The Attempt at a Solution

So I attempted to subtract S(n-1) from S(n) to get each term for a_n and got the following terms
a₂=8/9
3=-8/3
4=8/9
5=8/45
6=8/105
7=8/189
8=8/297
How am I supposed to come up with a generalized expression from these terms, or am I wrong from the first step of doing S(n)-S(n-1) to get those terms for a_n? The only pattern I can recognize is that after a₄, the difference of the denominators increase by 24 from one term to the next.

Homework Statement

Homework Equations

The Attempt at a Solution

 

[Dick]

Homework Statement

suppose that the partial sum of the series (sigma)n=1,infinity a_n is given by the partial sum S_n = (-2n+9)/(6n+15).
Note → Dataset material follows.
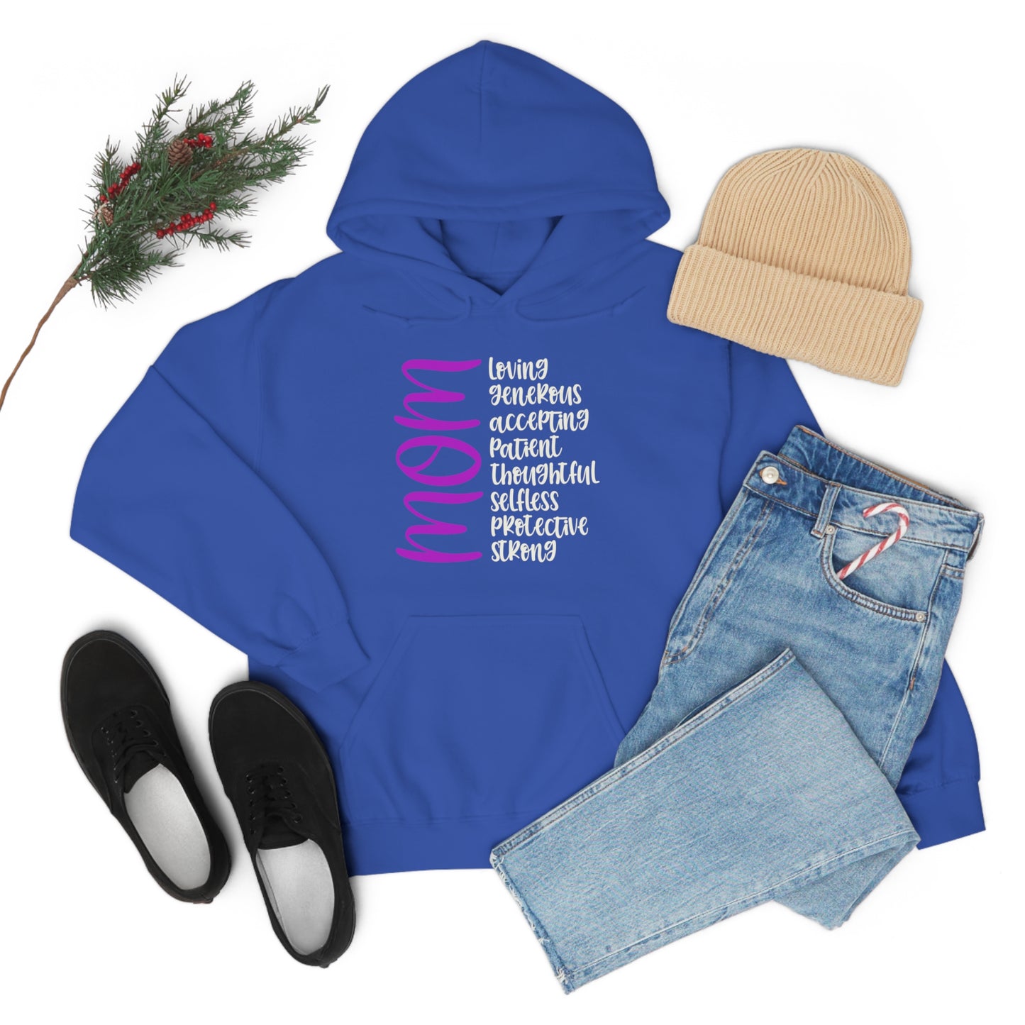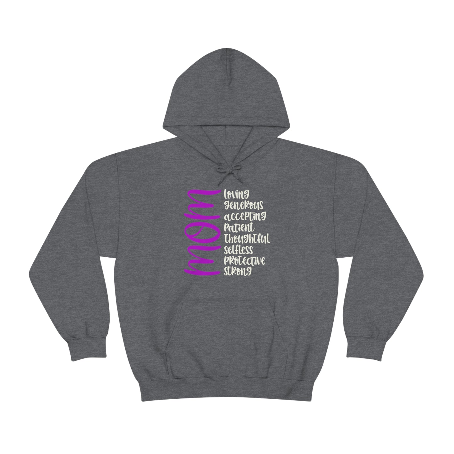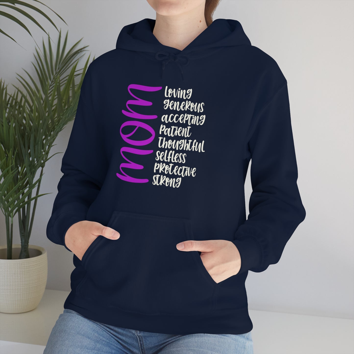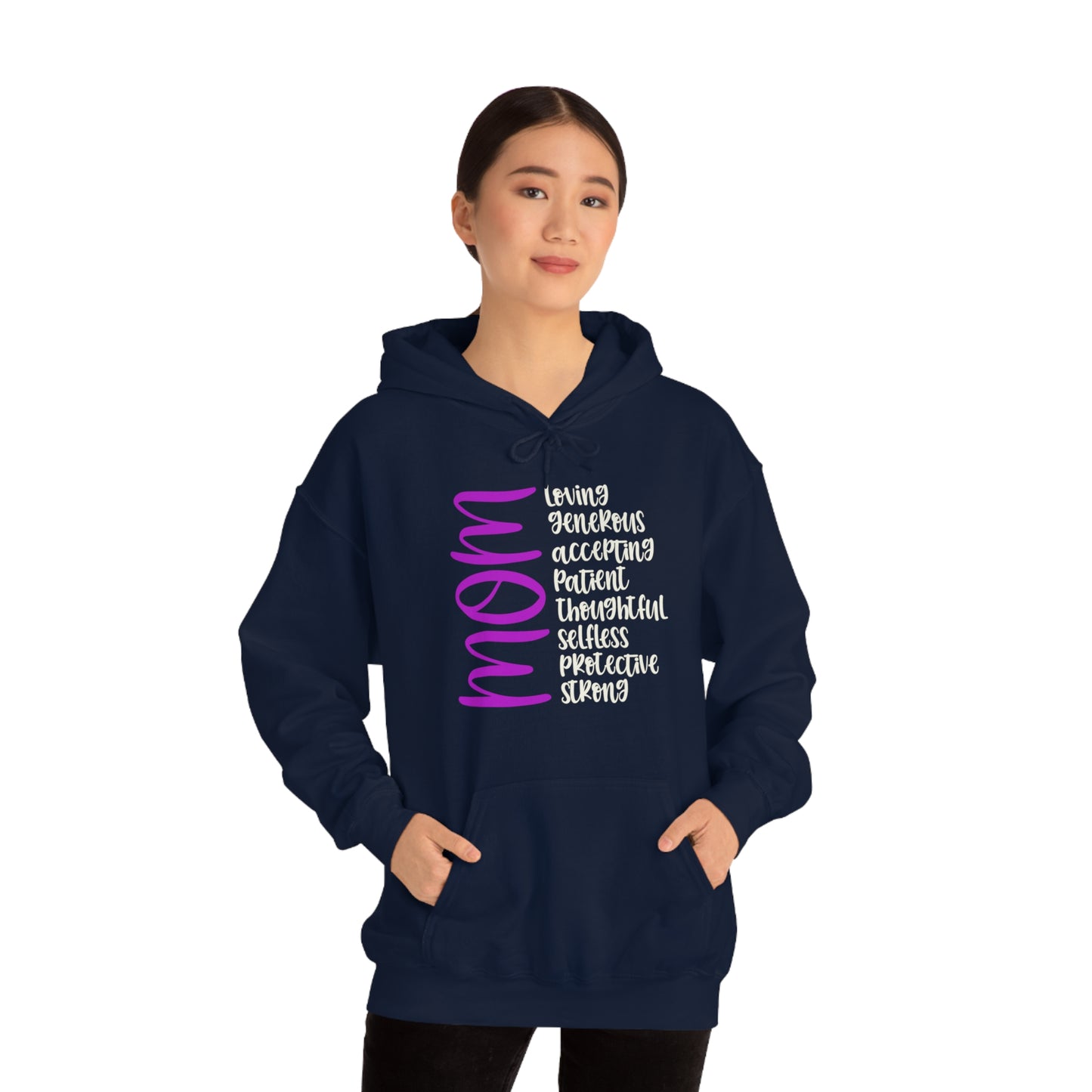 This unisex heavy blend hooded sweatshirt is relaxation itself. Made with a thick blend of cotton and polyester, it feels plush, soft and warm, a perfect choice for any cold day. In the front, the spacious kangaroo pocket adds daily practicality while the hood's drawstring is the same color as the base sweater for extra style points. Chill Stitch – Mom Descriptions Flow - Unisex Hooded Hoodie Sweatshirt – Embrace Your Vibe

Find an expression for a_n when n>1

Homework Equations

S_n= (-2n+9)/(6n+15

The Attempt at a Solution

So I attempted to subtract S(n-1) from S(n) to get each term for a_n and got the following terms
a₂=8/9
3=-8/3
4=8/9
5=8/45
6=8/105
7=8/189
8=8/297
How am I supposed to come up with a generalized expression from these terms, or am I wrong from the first step of doing S(n)-S(n-1) to get those terms for a_n? The only pattern I can recognize is that after a₄, the difference of the denominators increase by 24 from one term to the next.

Homework Statement

Homework Equations

The Attempt at a Solution

$S_{n}-S_{n-1}=a_n$. So take your expression for $S_n$ and subtract the same expression with n-1 substituted for n. Putting numbers in isn't the way to do it.